If you have a new kernel, and you use no special mount options on your site, you are using this already. If you have an older version of the linux kernel, you might consider to alter the journaling with e.g.

sudo tune2fs -o journal_data_writeback /dev/hda1

Consider this only if you have a busy site, were large amounts of data are written. For our production site this change made a big difference.

http://lwn.net/Articles/328363/
http://article.gmane.org/gmane.linux.kernel/818261

Best regards

-gustaf neumann

Collapse
Posted by Eduardo Santos on
Hi Gustaf,

Thank you very much for sharing this with us.
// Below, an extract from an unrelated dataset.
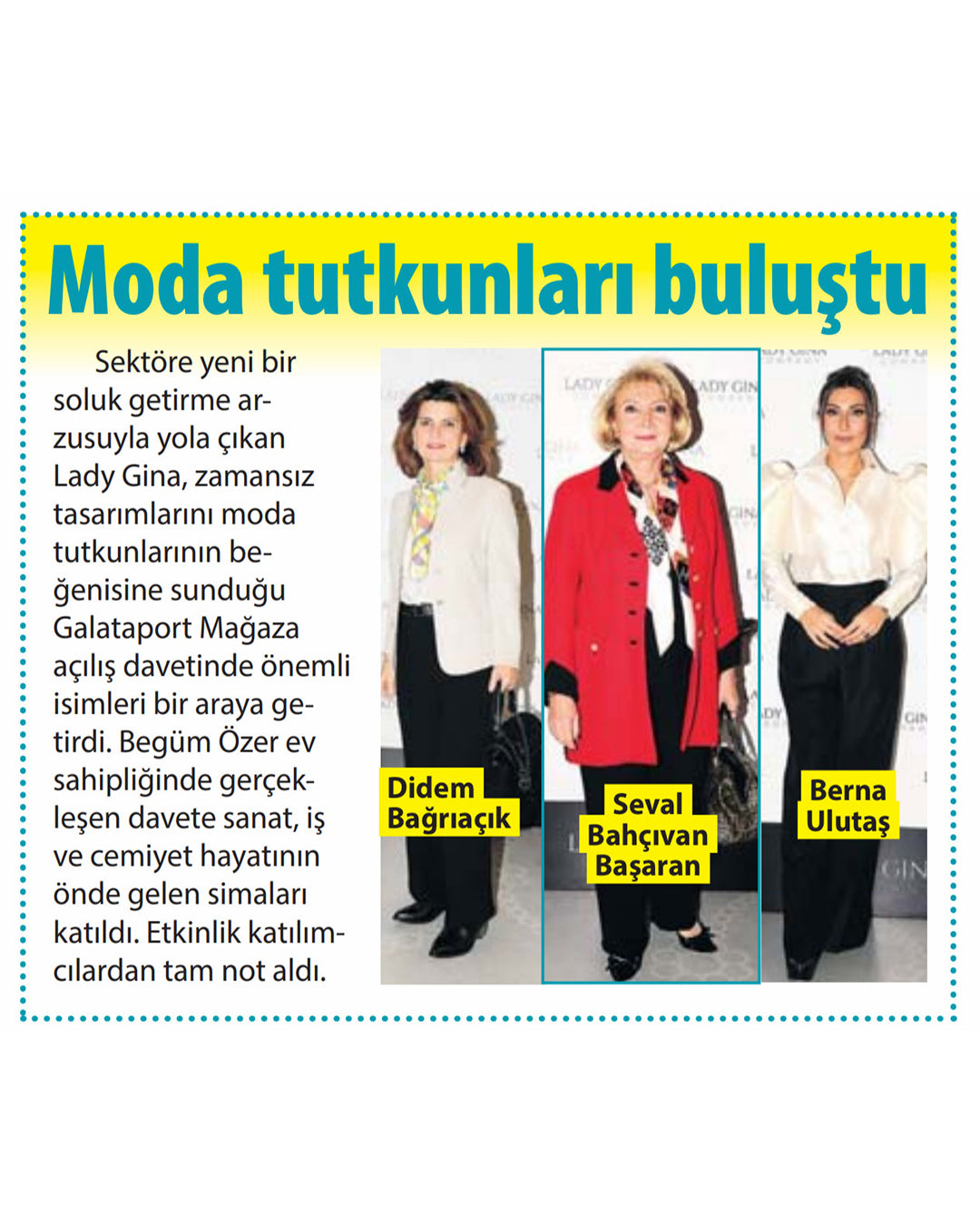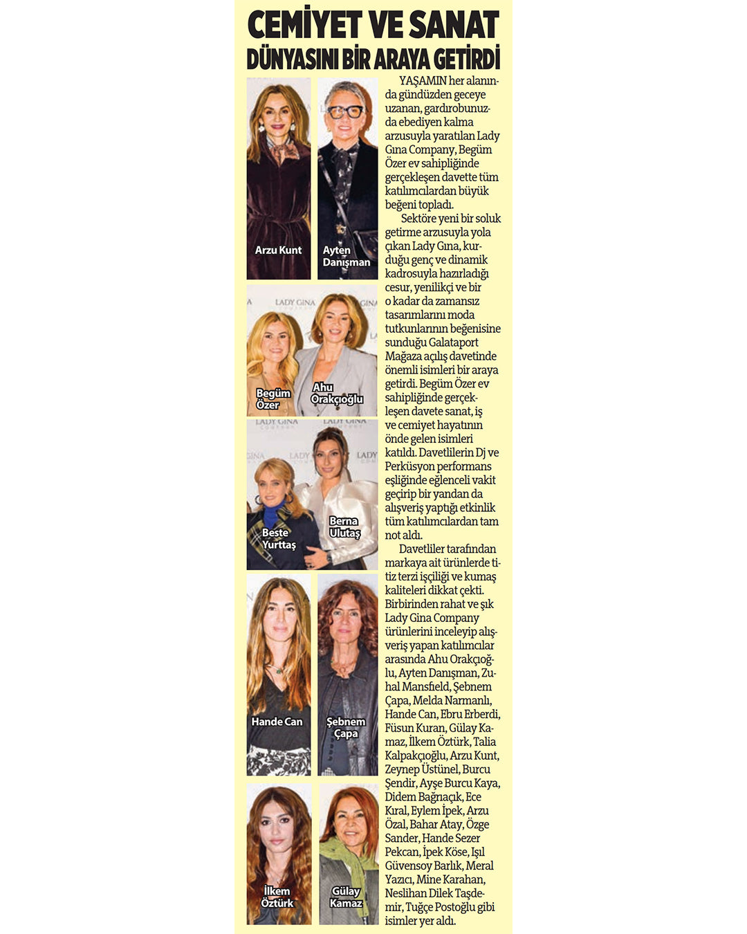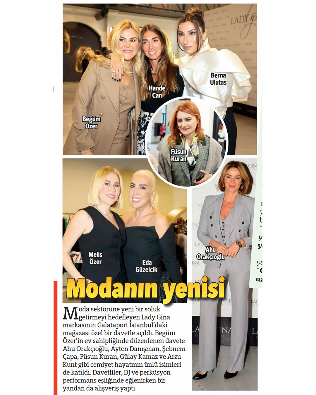 Sektöre yeni bir soluk getirme arzusuyla yola çıkan Lady Gina, zamansız tasarımlarını moda tutkunlarının beğenisine sunduğu Galataport Mağaza açılış davetinde önemli isimleri bir araya getirdi.

I would never think off such a thing.

I guess a good way to find out if this is hapenning to our system is to see if there are some queries taking longer than it should without any clear reason? Or maybe some other I/O operations being too slow?

Collapse
Posted by Gustaf Neumann on
A good start is to grep for "longdb" in your error log and check for queries that are fast under normal conditions.

Another option in general is to switch to other file systems, especially with newer kernels. Here are some options tested with PostgreSQL 9 with some recent Linux kernels, using already data=writeback per default
http://www.phoronix.com/scan.php?page=article&item=linux_2638_large&num=2

One can see, ext3 or ext4 are not among the fastests for TPC-B with PostgreSQL. I would not recommend everybody to switch blindly. Sites with low db activity and traffic won't see any difference.